His sons, Bojan and Martin Tranteev, presented Peter Tranteev’s collection to the “Earth and Man” National Museum in 1987. It was shown at the Morphology of Cave Speleothems exhibition, and a catalogue was published with funding from the 13 Centuries of Bulgaria National Endowment Fund.

The museum conducts conferences and associated exhibitions on a regular basis.

History of Earth and Man National Museum

The Earth and Man National Museum is housed in a one-of-a-kind architectural structure in the heart of Sofia, which was built as part of the Sofia Arsenal complex towards the end of the nineteenth century. It is one of the country’s first monolithic reinforced concrete structures with anti-earthquake walls.

The complex’s first mention dates back to 1882, when Sofia’s ordnance depot was renamed Sofia’s Armaments Factory. The structure was renamed Sofia Artillery Arsenal by Knyaz Ferdinand in 1899.

Three of the original complex’s structures have been maintained to this day. The Earth and Man National Museum, the Contemporary Art Museum, and the Garrison Gun Shooting Range Memorial are now housed there.

For more than 30 years, the Arsenal manufactured ammunition with the monogram “-оиски рсенaл” (SA – Sofia Arsenal) and a lion emblem. The arsenal also repaired a range of weaponry.

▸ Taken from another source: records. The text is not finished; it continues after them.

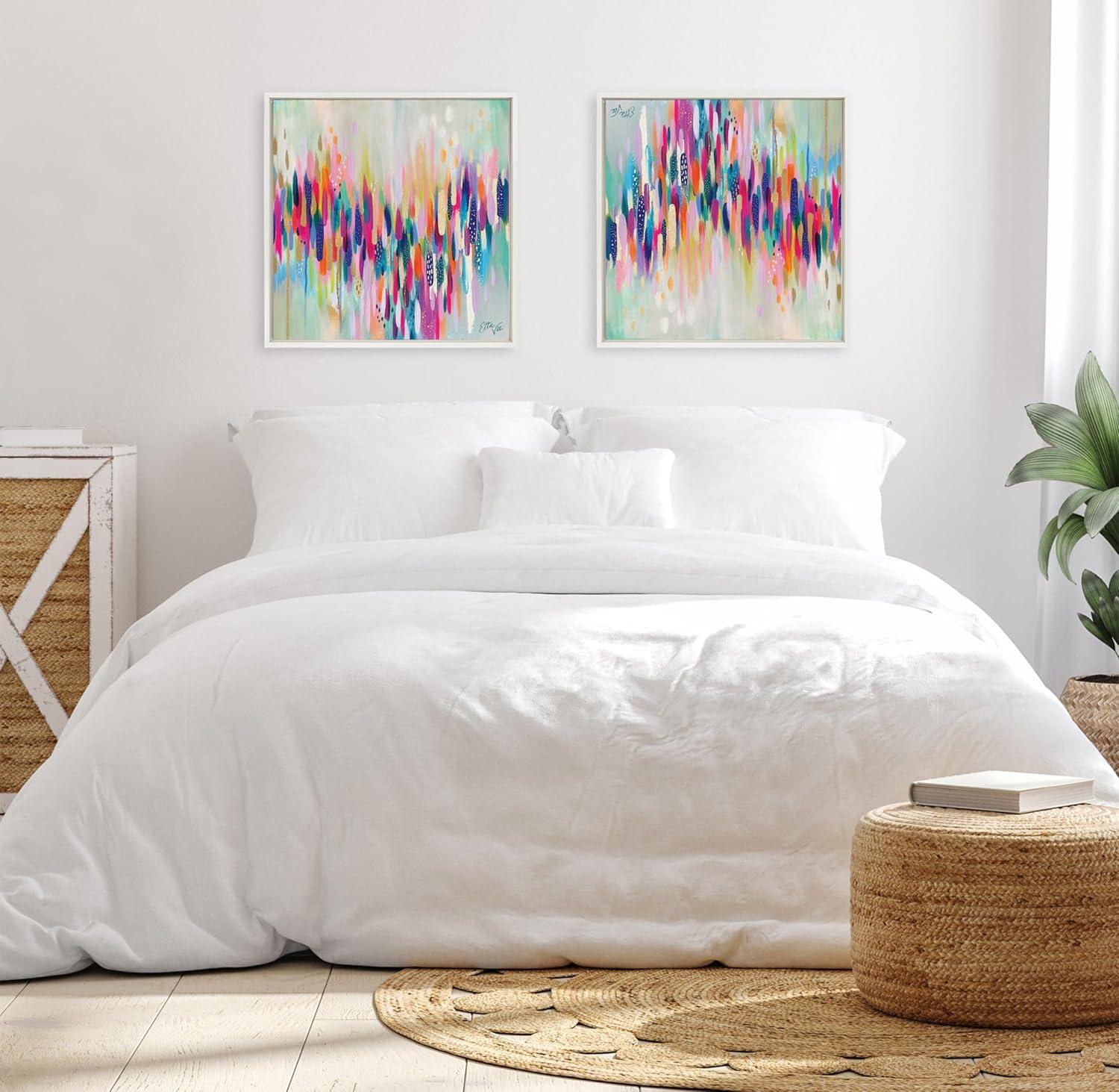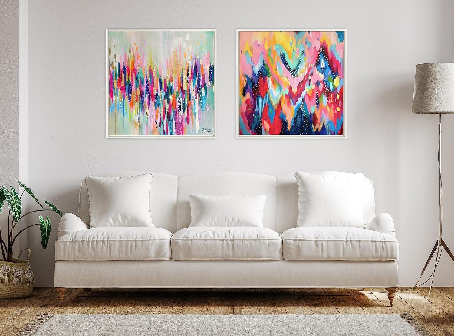 imageKate and Laurel Sylvie Brushstroke 154 Framed Canvas Wall Art by EttaVee 22x22 White Modern Abstract Colorful Fun Art for WallWhite
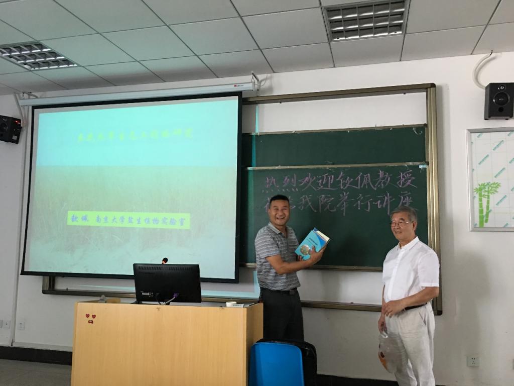 在本次讲座中,钦教授结合自己多年的科研实践,从互花米草的引种、互花米草问题与米草生态工程和互花米草生态工程的国内外影响等三个方面展开,深入浅出、形象生动的向大家阐述了米草生态工程与海滨盐土农业生态工程原创理论与技术。钦佩教授还把自己主编的《生态工程学》(第三版)、《海滨系统生态学》、《生物质能产业生态工程》、《海滨锦葵的应用研究》4部专著赠送tyc5997太阳集团,供师生借阅学习。
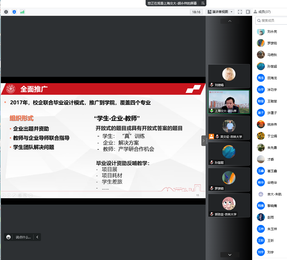 胡永祥教授从新时代人才培养改革、校企合作毕设模式和实施与管理方式三方面做了报告。主要介绍了通过校企联合开展毕业设计的人才培养的模式,在新时代发展下人才培养要与产业变革相适应,通过积极开展交流合作,促进产教融合,不断探索人才培养体系改革;利用宽口径交叉融合课程体系和设计制造系列课程,逐级进阶培养学生解决复杂工程问题的能力;创立项目式教学模式,将实践融入到课程教学中,培养学生的创新思维能力、知识与技术集成能力、交流沟通能力和团队合作能力;引入企业“真问题”,打造产教融合平台,利用校企联合开展毕业设计,解决企业痛点,提升学生的专业热情,培养学生的综合素质。
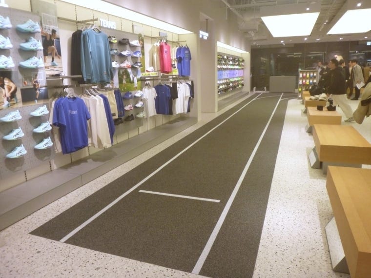 グランフロント大阪店はランニング用品を中心に、テニス、バスケットボールに加え、「アシックススポーツスタイル」のスニーカーを拡充。売り場には実際に走って履き心地を確認することができる約20メートルの試し履きトラックを新設し、走行時のフィット感やクッション性、グリップ力を実感できるようにした。
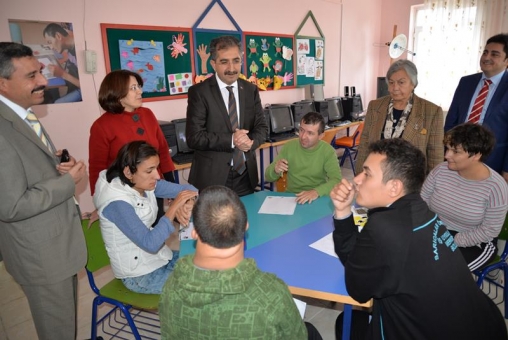 İl Müdürü Necdet Baytok ve Kuruluş Müdürü Faruk Kaçmaz’dan Rehabilitasyon Merkezi hakkında bilgiler alan Vali Zahteroğulları çocuklarla yakından ilgilendi.

The plant was relocated to Kazanluk in 1927. Only minor industrial operations are still housed in the former Arsenal building. The structure that now houses the Earth and Man National Museum was formerly the Arsenal’s Big Cartwright’s Workshop.

The Arsenal Complex was given to the School for Officers of the Reserve, which was then situated in Knyazhevo, in the 1930s. The headquarters were situated in the current Contemporary Art Museum structure. The “Small Arsenal” functioned as the school’s dining room, the Garrison Gun Shooting Range Memorial served as the school’s shooting range, and the current Earth and Man National History Museum held the school’s gym.

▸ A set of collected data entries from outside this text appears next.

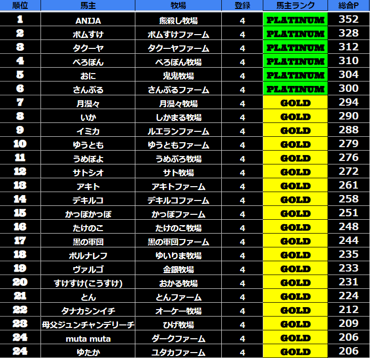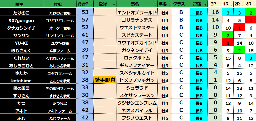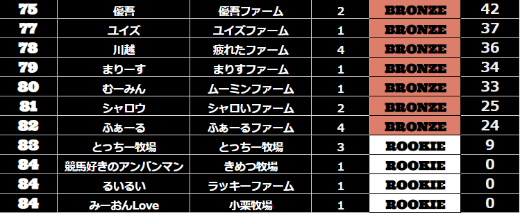 長距離部門優勝はたけのこさんのエンドオブワールド!3・3・2着の16pt獲得!2位はgorigoriさんのゴリラナンデス!4・5・1着の14pt獲得!上位2頭はとても安定した成績だ!昇格は間近かもしれない!3位はタナカシンイチさんのウエストマスター!10・1・6着で10pt獲得!
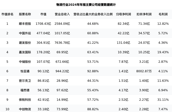 中储股份最新报告期数据为年报,下表汇总了物流行业内市值靠前的公司年报主要经营数据
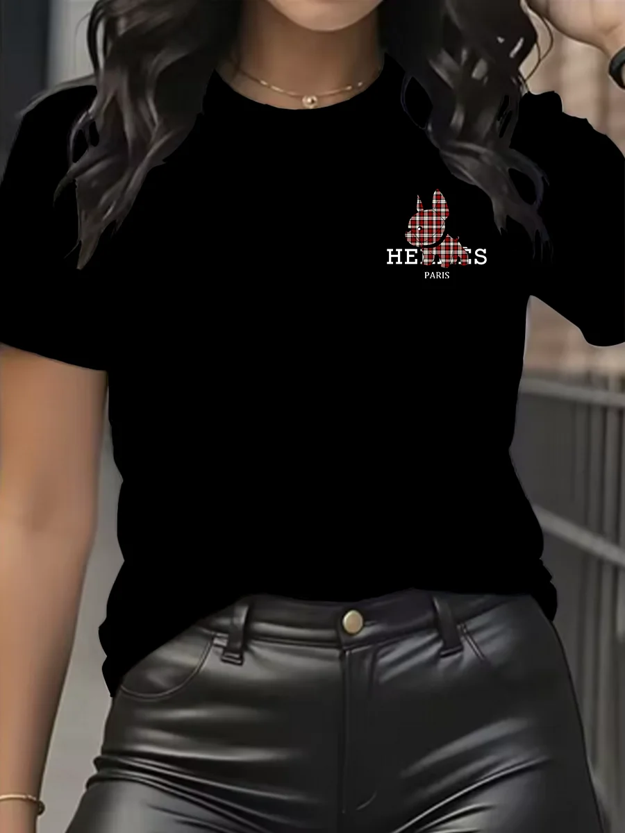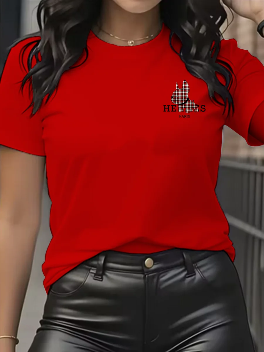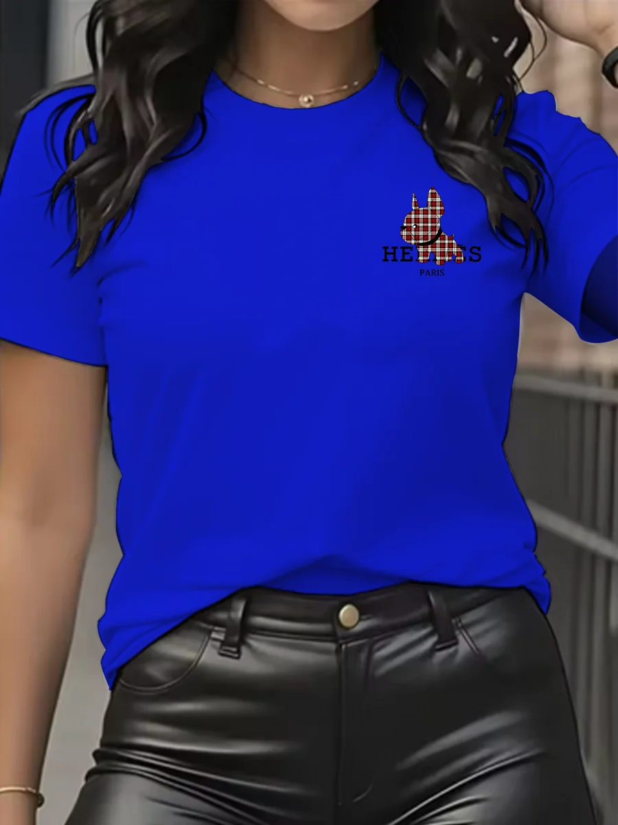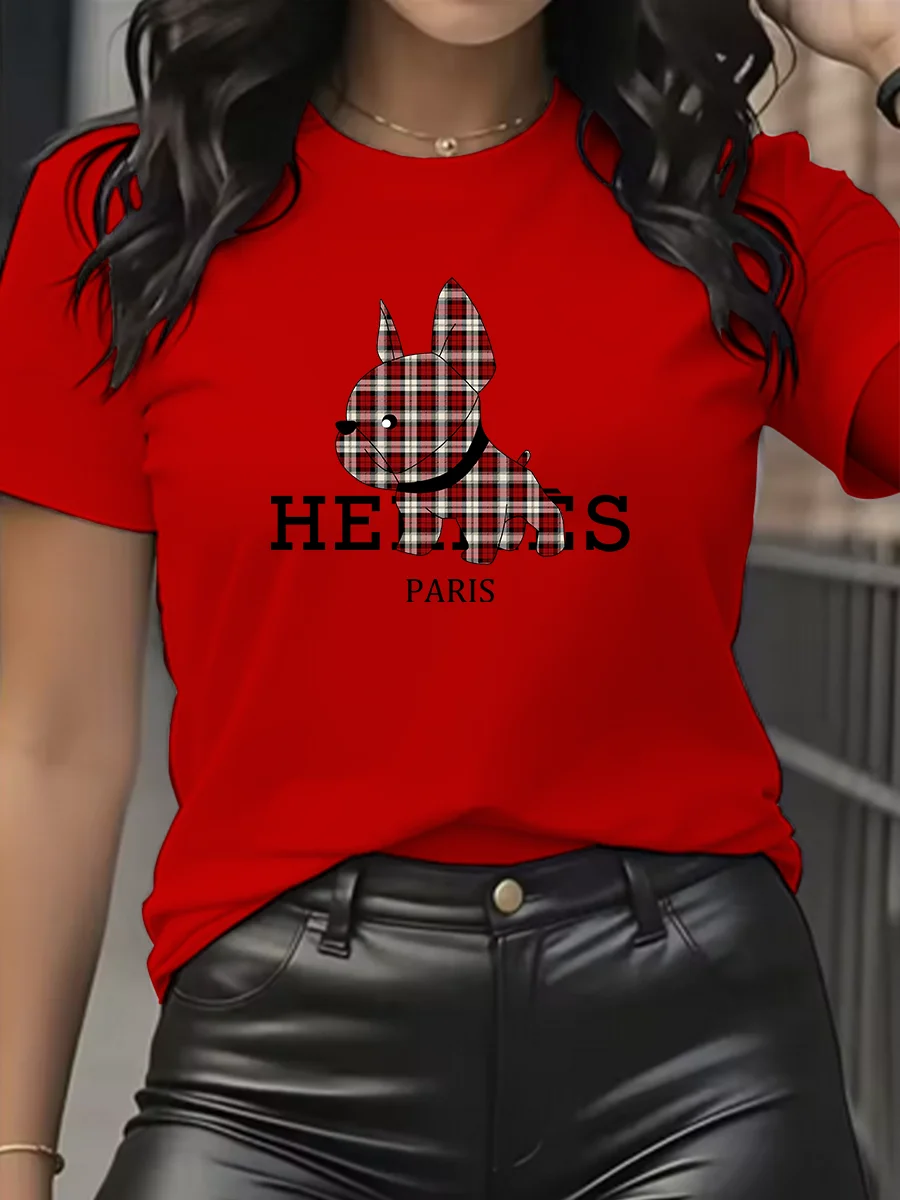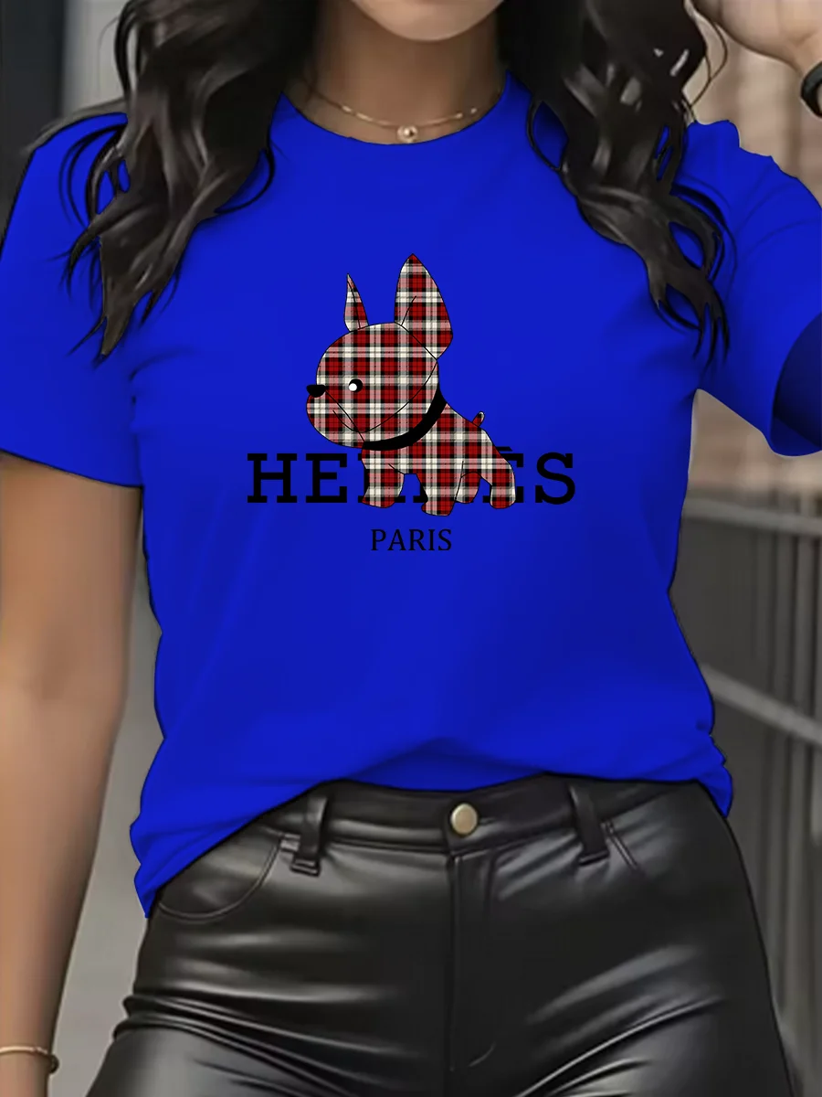 Luxury brand cartoon dog printed T-shirt casual top short sleeve round neck women’s T-shirt spring/summer women’s clothing

The State Printing Establishment was transferred here shortly after September 9, 1944. Typesetting, letterpress black printing, letterpress colorful printing, chalcography, brochure and book binding were all established. The building served as a printing firm until 1975, when it was transferred to a newly built structure.

The Earth and Man National Museum (EMNM) was created on January 1, 1986 by Council of Ministers Decree No 50/30.12.1985 with the goal of locating, collecting, preserving, and presenting minerals and their derivatives. The old State Printing Establishment ‘Georgi Dimitrov’ building on the former boulevard ‘G.Traikov’ (‘Cherni Vrah’ now) was given to the EMNM for free.

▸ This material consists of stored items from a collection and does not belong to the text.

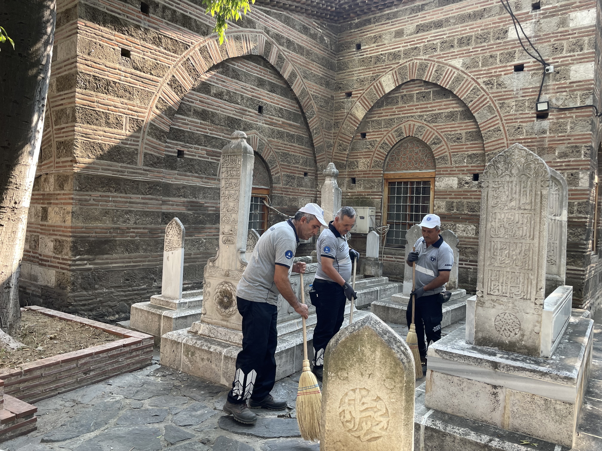 Tarihi ve kültürel miras yatırımlarıyla Bursa’yı adeta açık hava müzesine dönüştüren Büyükşehir Belediyesi, türbe ve cami hazirelerinde bulunan tarihi mezarlıklarda da düzenli temizlik çalışması yapıyor. Bursa’nın 17 ilçesinde yaklaşık 12 milyon metrekare alanı kaplayan 1300 mezarlıkta düzenli bakım ve temizlik yapan ekipler, tarihi mezarlara da ayrı bir özen gösteriyor. İl genelindeki 196 türbe ve cami haziresinde bulunan tarihi mezarlıklar, belirli periyotlarla temizleniyor. Bunun yanında vatandaşların daha rahat bir şekilde ziyaret edebilmeleri için türbeler de düzenli olarak temizleniyor.
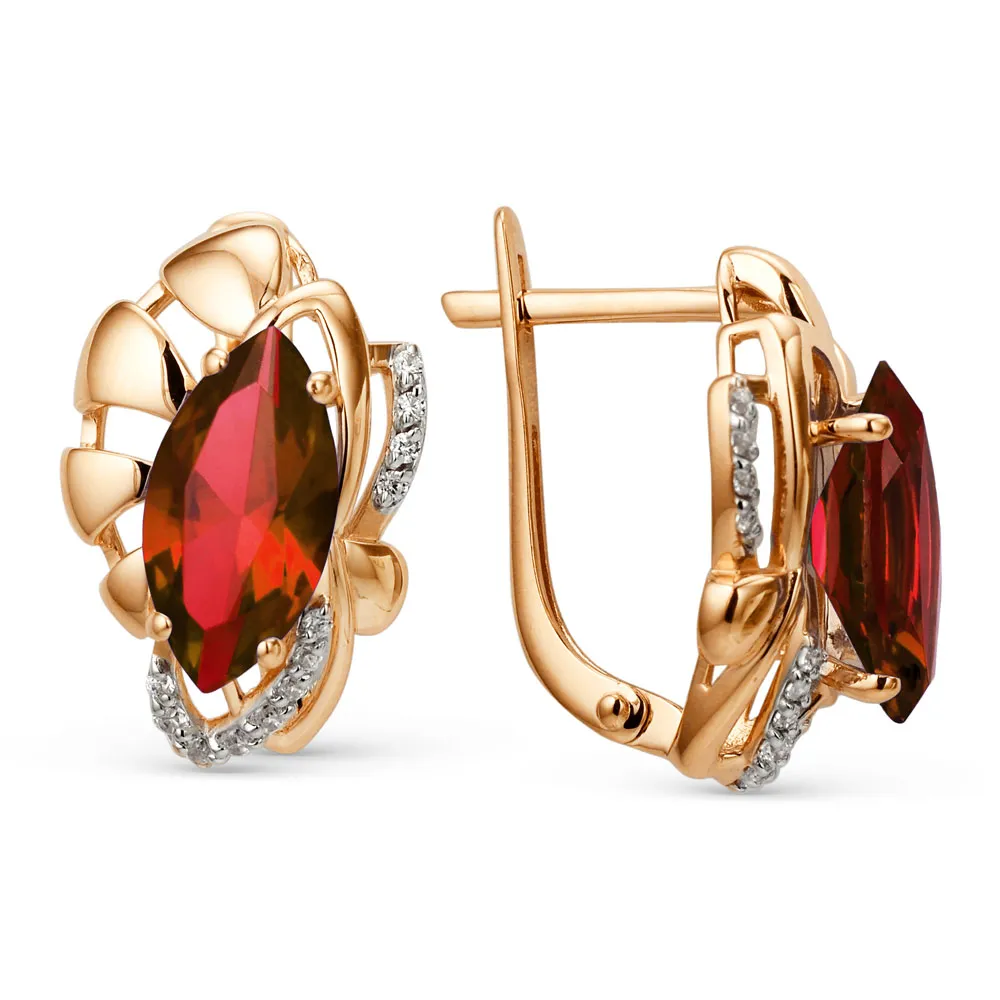 Серьги пусеты из красного золота с фианитами 024842-1102
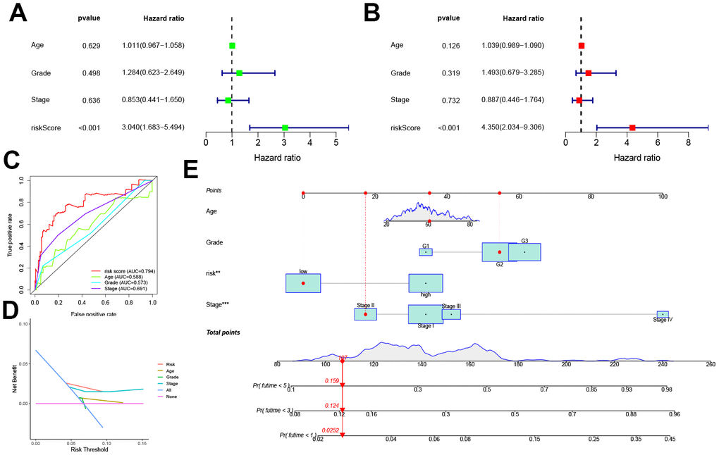 Univariate and multivariate COX analyses in conjunction with the patient age, stage, and grade, showed that this pyroptosis-related signature was an independent prognostic factor for OS in CC patients (p < 0.001, Figure 4A, 4B). In addition, the risk score corresponded to the highest AUC value (AUC = 0.794, Figure 4C) compared to other clinical features. The DCA further demonstrated the clinical usefulness of the signature (Figure 4D). The Nomogram for both the signature and clinical features was stable and accurate, and it can be used to predict the one-year, three-year, and five-year survival rates in CC patients (Figure 4E).

The structure has been rehabilitated, designated a cultural monument, and fitted to the demands of the Earth and Man National Museum. Hristo Ganchev, an architect, designed the building rehabilitation project. The interior was designed by Ivan Radev, and the paintings in the hall were created by Teofan Sokerov.

The museum formally opened to the public on June 19, 1987, after an 18-month restoration.